Broader claims such as producing dramatically more output, replacing an engineering team, or compressing weeks into hours are promotional until they are demonstrated in your environment. Outcomes depend on repository quality, test coverage, task ambiguity, model choice, permissions, and the developer supervising the work.
The current model lineup also does not erase these constraints. Sonnet 4.6 may be a practical default for sustained coding work, while Haiku 4.5 can fit lighter classification or documentation tasks. Fable 5’s 1M context can help with very large bodies of material, and gpt-5.6-sol provides another engineering-oriented option in supported environments. None turns a role prompt into verified product knowledge or production evidence.
Practical Takeaways
- Treat gstack as an opinionated development process implemented through Claude Code skills.
- Understand “23 agents” as role-based tools, not automatically coordinated persistent workers.
- Install from the repository, inspect
setup, and pin a reviewed commit for team use. - Start with two or three workflows that address known delivery failures.
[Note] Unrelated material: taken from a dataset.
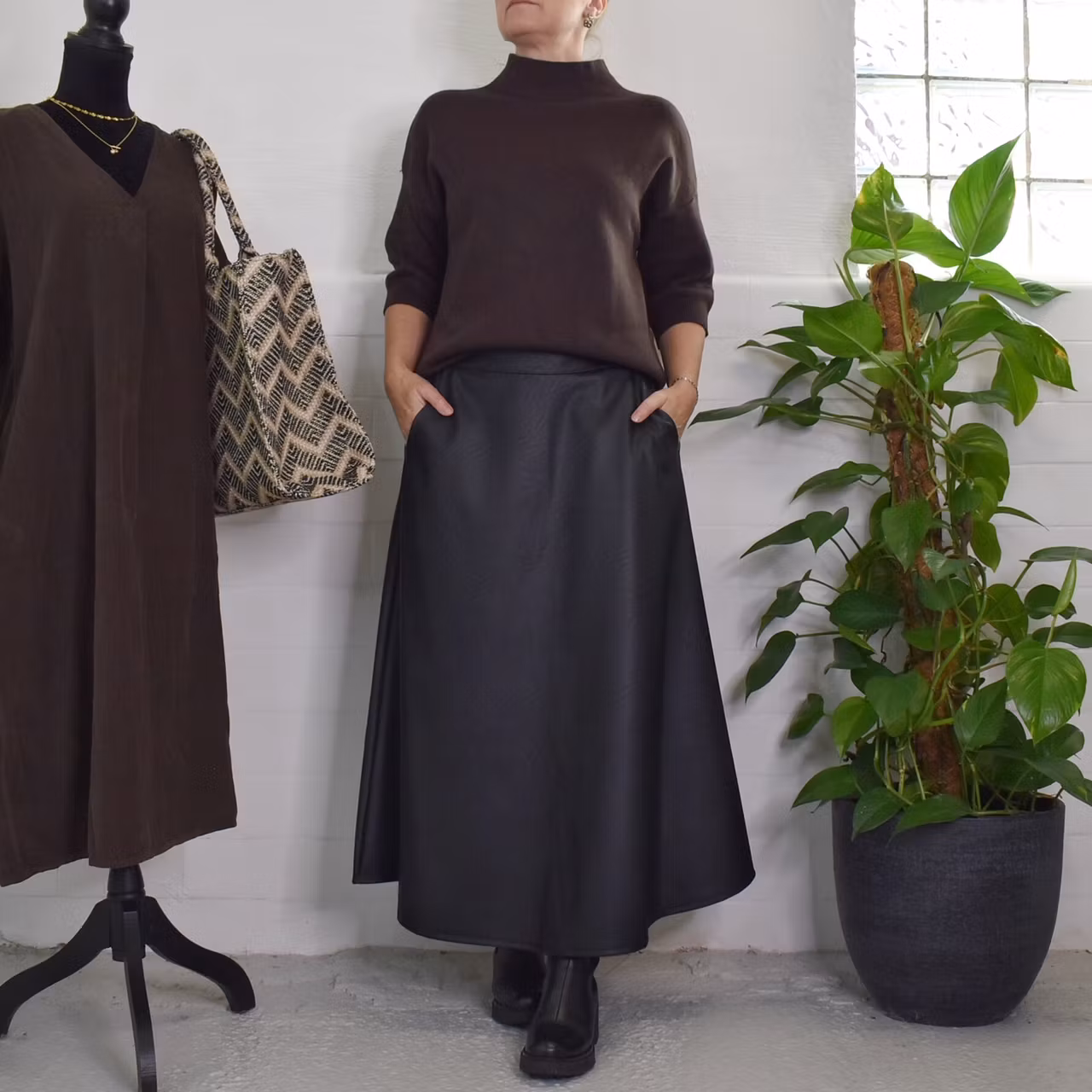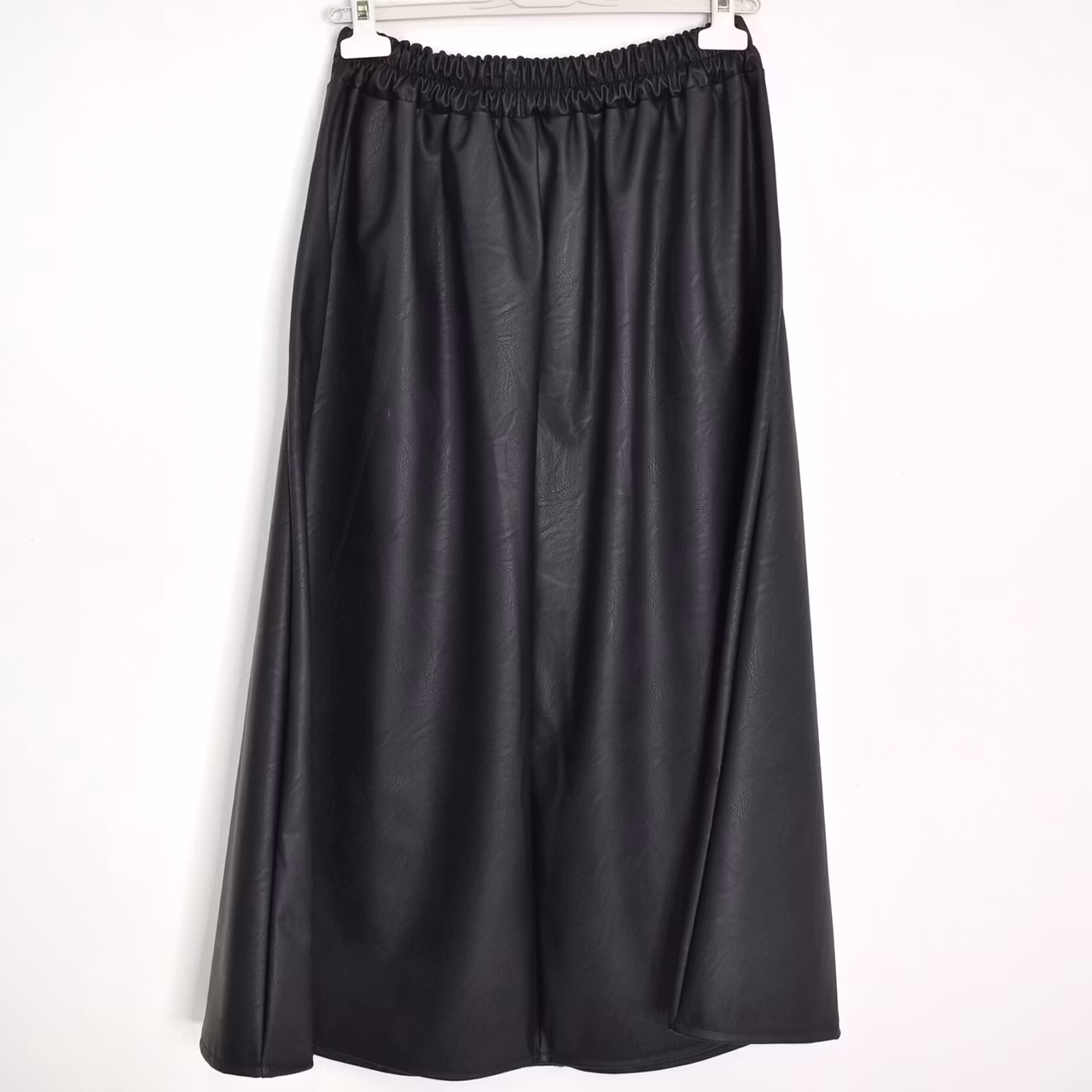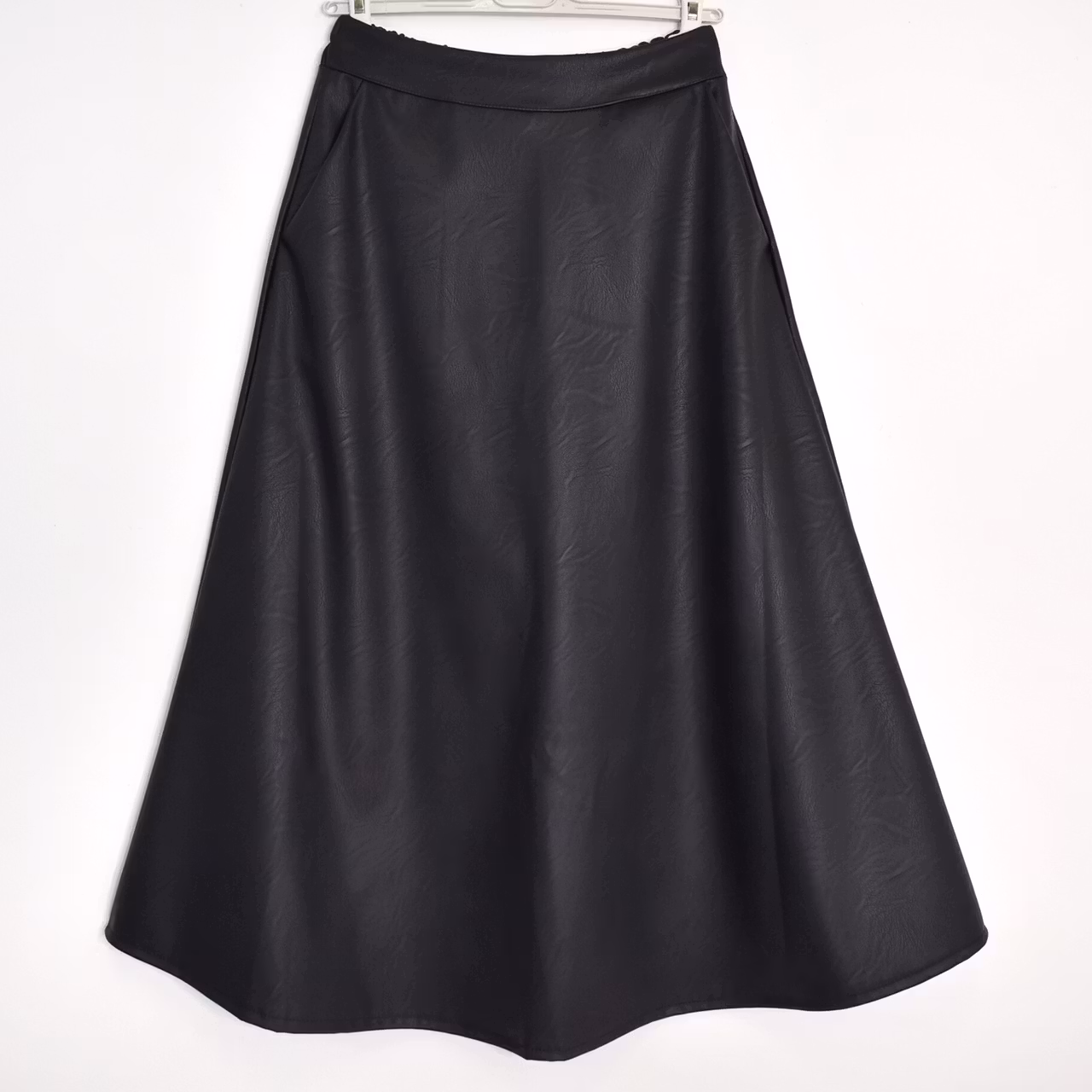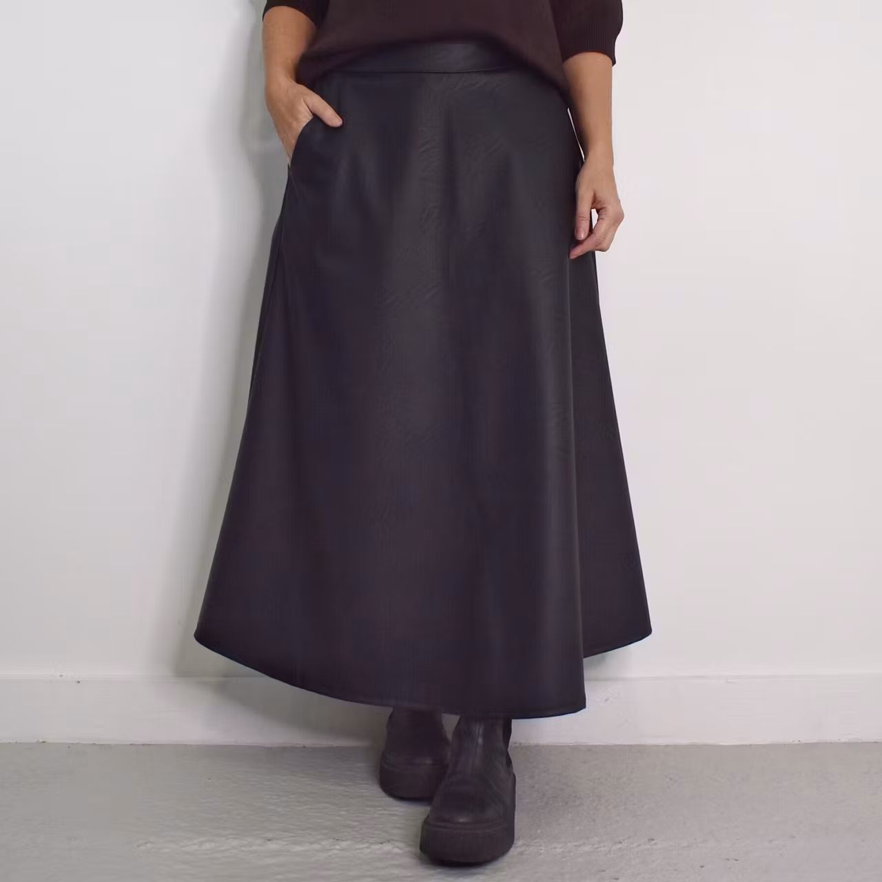 Det här är en läcker lång kjol i halvmatt konstskinn med svagt mönster (se detaljbilderna). Kjolen är klockformad och har sneda fickor fram. Baktill i midjan är där stretchig resår med rynkat tyg under. One Size - passar uppskattningsvis upp till L (40). Modellen har en midjevidd på cirka 78cm och är 163cm lång.

- Keep approved plans and decisions in files so roles share durable context.
- Separate code review from runtime QA; they catch different classes of failure.
- Restrict secrets, production sessions, Git pushes, and deployment commands while evaluating.
- Measure useful findings and avoided defects, not the number of commands invoked.
- Adopt the full operating system only when its process cost is lower than the failures it prevents.